Recent advances in foundation models highlight a clear trend toward unification and scaling, showing emergent capabilities across diverse domains. While image generation and editing have rapidly transitioned from task-specific to unified frameworks, video generation and editing remain fragmented due to architectural limitations and data scarcity. In this work, we introduce EditVerse, a unified framework for image and video generation and editing within a single model. By representing all modalities, i.e., text, image, and video, as a unified token sequence, EditVerse leverages self-attention to achieve robust in-context learning, natural cross-modal knowledge transfer, and flexible handling of inputs and outputs with arbitrary resolutions and durations.
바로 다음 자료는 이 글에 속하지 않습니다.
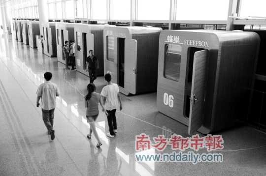 目前,這種睡眠倉(cāng)有兩人位和三人位,在不到三平米的有限空間內(nèi),配備有一次性床罩和被單床,可折疊的桌子,床頭柜,一人高的鏡子,以及裝有百葉窗的窗戶。據(jù)了解,睡眠倉(cāng)內(nèi)今后還將安裝電視、空調(diào)和無(wú)線網(wǎng)絡(luò)。

To address the lack of video editing training data, we design a scalable data pipeline that curates 232K video editing samples and combines them with large-scale image and video datasets for joint training. Furthermore, we present EditVerseBench, the first benchmark for instruction-based video editing covering diverse tasks and resolutions. Extensive experiments and user studies demonstrate that EditVerse achieves state-of-the-art performance, surpassing existing open-source and commercial models, while exhibiting emergent editing and generation abilities across modalities.